Talented Tasneem Khan is a role model for younger students at her 'failing' school - and the darling of her teachers - after landing a place at Cambridge University.

The 18-year-old achieved top grades in all her A-levels and will swap Carlton Bolling College in Undercliffe for New Hall, Cambridge, to study medicine.

The daughter of a retired bus driver, Tasneem, pictured, is the first in her family to go to university.

School chiefs are delighted and say she is the first Muslim girl from Carlton Bolling to get into Oxbridge.

Deputy head Paul Wright said she was proof real achievement was taking place at the college, despite its 'Special Measures' status. It failed its Ofsted inspection last year.

"The message is that people here can achieve. Tasneem and others have proved it. It's a welcome message at a time the school is in Special Measures," he said.

Tasneem, the eldest of three sisters, said she had been encouraged by her teachers at Carlton Bolling to walk tall and this had helped get her through the tough selection process. There were five applicants chasing each of the ten places to read medicine at New Hall.

"I had a lot of support from teachers at school before my interview," she said. "One said 'Don't think that you need these people. Think that these people need you. Imagine yourself studying there.' I found I could imagine it and that's why I think my interview was successful.

"It's a beautiful place and walking around the halls and fields, I really felt at home there."

Tutors at New Hall spotted her potential and offered her a place, on condition she achieved A grades in her science subjects.

"It was a lot of hard work and I didn't think I'd make it, especially with the last few exams I did," said a shell-shocked Tasneem, clutching her precious certificate from the AQA exam board.

Neither of her parents, Mohammed Ayub Khan, a retired bus driver with First in Bradford, or mother Maryam, a housewife, have been to university - although younger sisters Henna and Habiba could well follow in her footsteps.

Proud dad Mohammed said: "I'm delighted and very, very proud of her."

The 65-year-old, of Binnie Street, Barkerend, Bradford added: "She tried really hard for these results and my hopes are that she goes on to great things."
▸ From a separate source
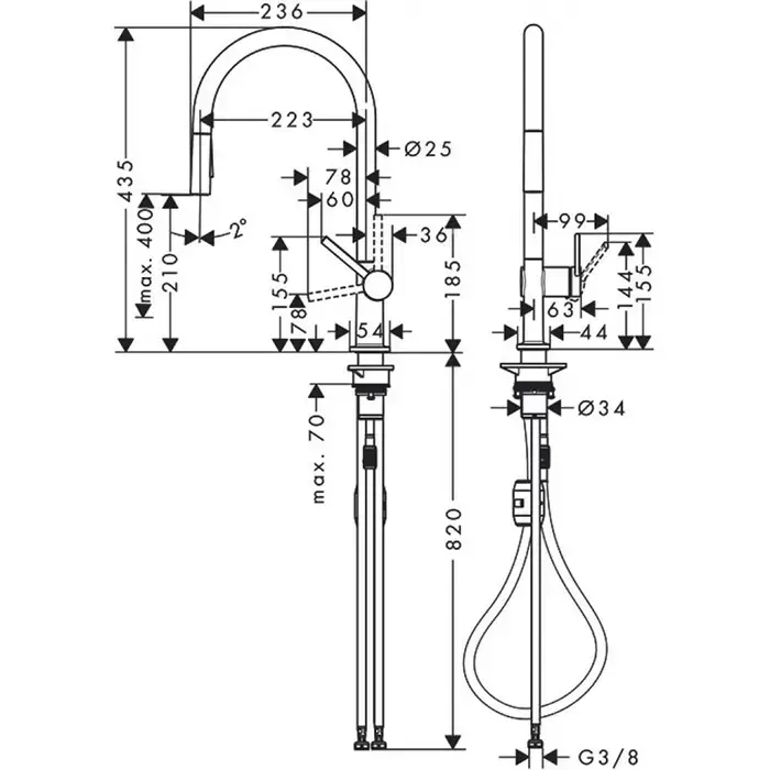 HG Talis M54 Смеситель для кухни, на 1 отв, однорычажный, поворотный излив 223мм с вытяжным душем, 2jet, h210мм, sBox, цвет: хром

Younger students at Carlton Bolling also regard her as an inspiration.

Tasneem said: "I really couldn't have done it without the teachers here and all the help they have given me. I hope I can be a role model to younger students."

President of New Hall, and pro vice chancellor of the university, Anne Lonsdale, was on the interview panel and recalls asking Tasneem about her poetry writing and work for the school newspaper: she made a big impression.

"Very, very few students here come from comprehensives in Special Measures," she said. "I hope this is a real boost to the school, they are obviously doing a good job. We are delighted Tasneem is coming to us. She is a splendid person and is going to go far."